Faces turned in his direction. Fireworks boomed. The fresh blood glistened on his cheeks. At first no one moved. Then like a turning tide, one person backed away, bumping against another. Confused cries and calls rose. More people began to retreat.
Gray kept after those retreating, staying among the most panicked.
Fiona cried and thrashed. She waved an arm, fingers dripping with blood.
Confusion spread like wildfire. Gray’s bellow caught on the dry tinder, whetted by attacks in London and Spain. More cries of Bomb! echoed through the crowd, carried from one breath to another.
Like a spooked herd of cattle, the crowd bristled and bumped against one another. Claustrophobia accentuated the anxiety.
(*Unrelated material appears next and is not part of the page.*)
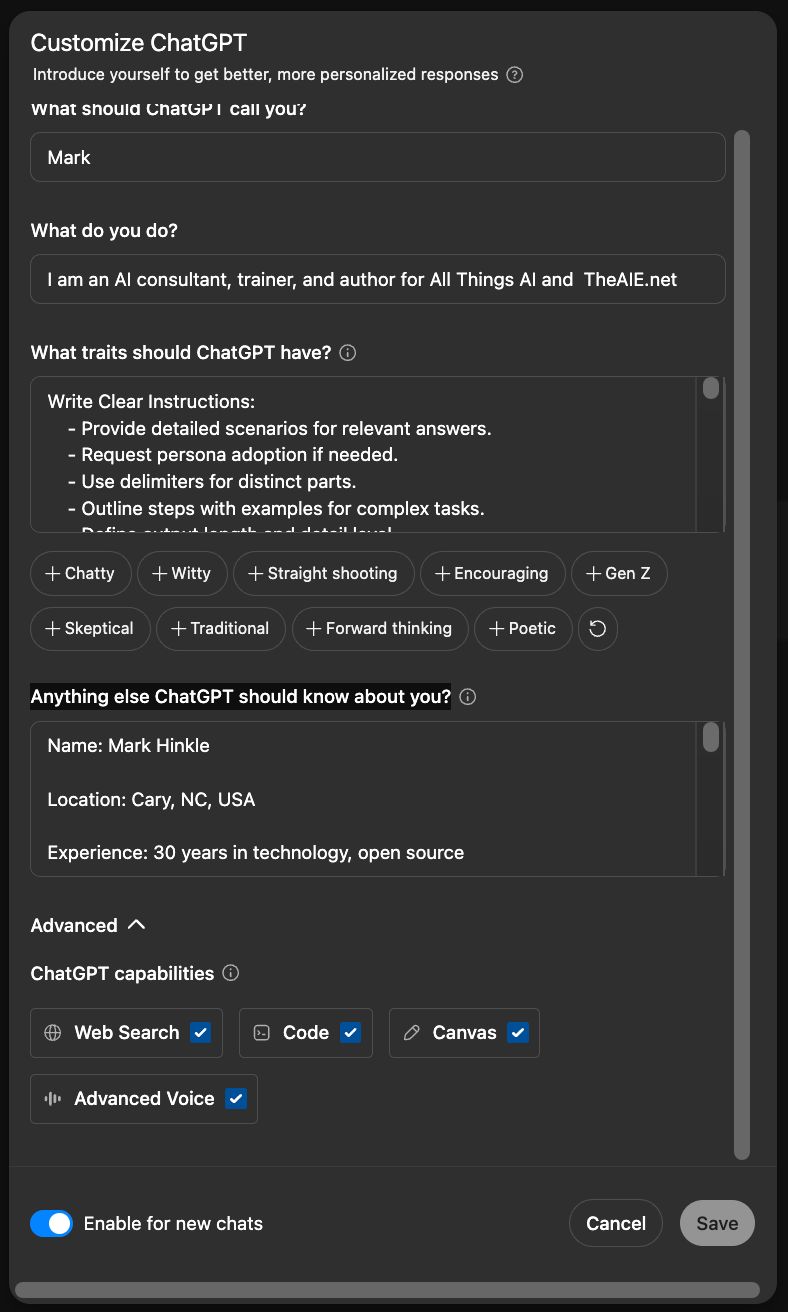 You could write your custom instructions from scratch but I find that you can get a great start by using ChatGPT. By feeding ChatGPT your LinkedIn profile, resume, and a few writing samples, you can have it generate a tailored first draft of your custom instructions in minutes. Then open them in Canvas to tweak them. You'll define what you do, how ChatGPT should respond, and anything else that improves your experience. It's a fast, effective way to make every session more productive—especially if you're using ChatGPT for business writing, technical tasks, or strategic planning. |
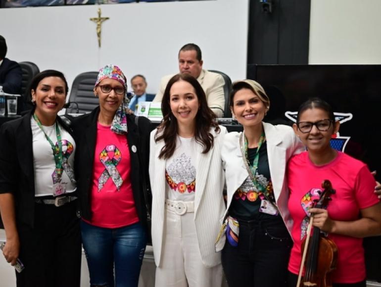 A vereadora de Cuiabá, Maysa Leão (Republicanos) convidou a presidente da Associação de Apoio aos Pacientes Oncológicos de Cuiabá (AAPOC), Janaina Santana, para o uso da Tribuna Livre desta quinta. A entidade que dedica as suas atividades a apoiar a jornada dos pacientes que possuem câncer, enfrenta desafios para atender seus pacientes. "Ninguém escolhe ter câncer, eu não escolhi. Por isso convidamos vocês a se juntarem com a gente” disse Janaína no Plenário.

Fireworks died overhead, but by now, frightened cries erupted across the parade route. As one person fled, two more took flight, reflexive, growing exponentially. Feet pounded on pavement, retreating, aiming for the exit.
A trickle became a surge.
The stampede toward the exit began.
Gray allowed himself to be carried with it, Fiona in his arms. He prayed no one was trampled. But so far the retreat was not in full panic. With the boom of the fireworks ended, confusion reigned more than horror. Still, the flow of the crowd hastened toward the main gate.
Gray set Fiona down, freeing his arms. He wiped his face clean with the sleeve of his Armani jacket. Fiona stayed at his side, one hand clutching his belt to keep anchored to him amid the throng.